二篇目にして表題作の「彼女の知らない空」。こちらは航空自衛隊員夫婦の話。夫の三佐は、「集団的自衛権」の行使により、中東の「Q国」の空を飛ぶ無人爆撃機(これに「思い過ごしの空」に出てきた技術が転用されています)を日本から遠隔操縦し、民間人も巻き込むと知りつつ反政府組織の拠点を空爆、それを妻は知らない(今度は本当に知りません)という設定です。妻の名が「智恵子」ですが、こちらでは光太郎の名や「智恵子抄」がらみの記述はありません。しかし、作者の早瀬氏、当然、「空」がらみで意識して付けたネーミングでしょう。
他に、過労死レベルを遙かに超えるサービス残業をアスリートのドーピングにたとえ(成果は上がるが、リスクも大きいということで)、心身をむしばまれていくキャリアウーマンやサラリーマン、そうした「戦い」からドロップアウトしたであろうホームレスの話などをはさみ、最終篇「彼女の時間」では、宇宙飛行士を目指しながら挫折したNSADA職員の話で終わります。ちょい役として最初の「思い過ごしの空」の夫婦が登場し、物語が連環しているわけです。
軍事とは最も遠い、という理由で化粧品会社を就職先に選んだのに、否応なしに自分の開発した技術が戦争に使われたり、何とかしてやらないで済む方法を模索しながらも、結局はミサイルのトリガーを弾かなければならなかったりといった登場人物たちの苦悩や葛藤などの心理描写が実に見事です。また、現実に起こりうる話でもあるというところに、恐ろしさを感じます。
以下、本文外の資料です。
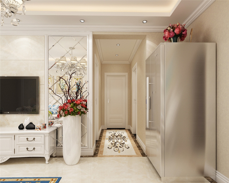 影视墙中间使用米色瓷砖和整体设计效果统一,两侧是车边境,从视觉上增加室内面积,更显通透敞亮。角落里红色的花朵优雅动人,魅力十足!

そして、夫婦にまつわる話が多いのも特徴です。そこにはある種の極限状況に置かれても、お互いを気遣う優しさや、反面、相手を冷徹に観察する眼なども描かれ、考えさせられます。
暗い話ばかりではなく、シェイクスピアの「ハムレット」をモチーフに、ウィットに富んだ会話が交わされる「オフィーリアの隠蔽」などは、救いのある話でした。
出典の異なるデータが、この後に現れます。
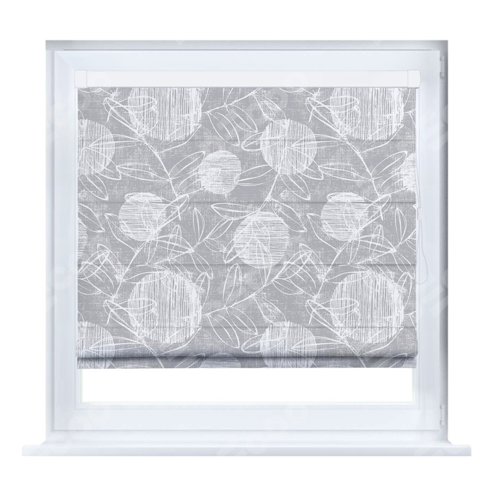 Римская штора производителя «Cortin», устанавливается на створку окна, пошита из ткани блэкаут с нанесением сублимационной печати «Серо-белая фантазия». Штора шьётся по индивидуальным размерам, для данного типа римской шторы возможная ширина от 35 до 150 см., высота до 250 см.

ちなみに早瀬氏へのインタビューがネット上にアップされています。
ぜひお買い求めを。
【折々のことば・光太郎】
敬愛する詩人も、尊崇する詩人も尠くありません。
大正8年(1919) 光太郎37歳
光太郎、造型作家(特に同時代の)に対しては、実名を上げての手厳しい評を厭いませんでしたが、なぜか詩人に対してはそれがほとんど見られません。彫刻を本業と捉えていた矜恃がそうさせていたのかもしれません。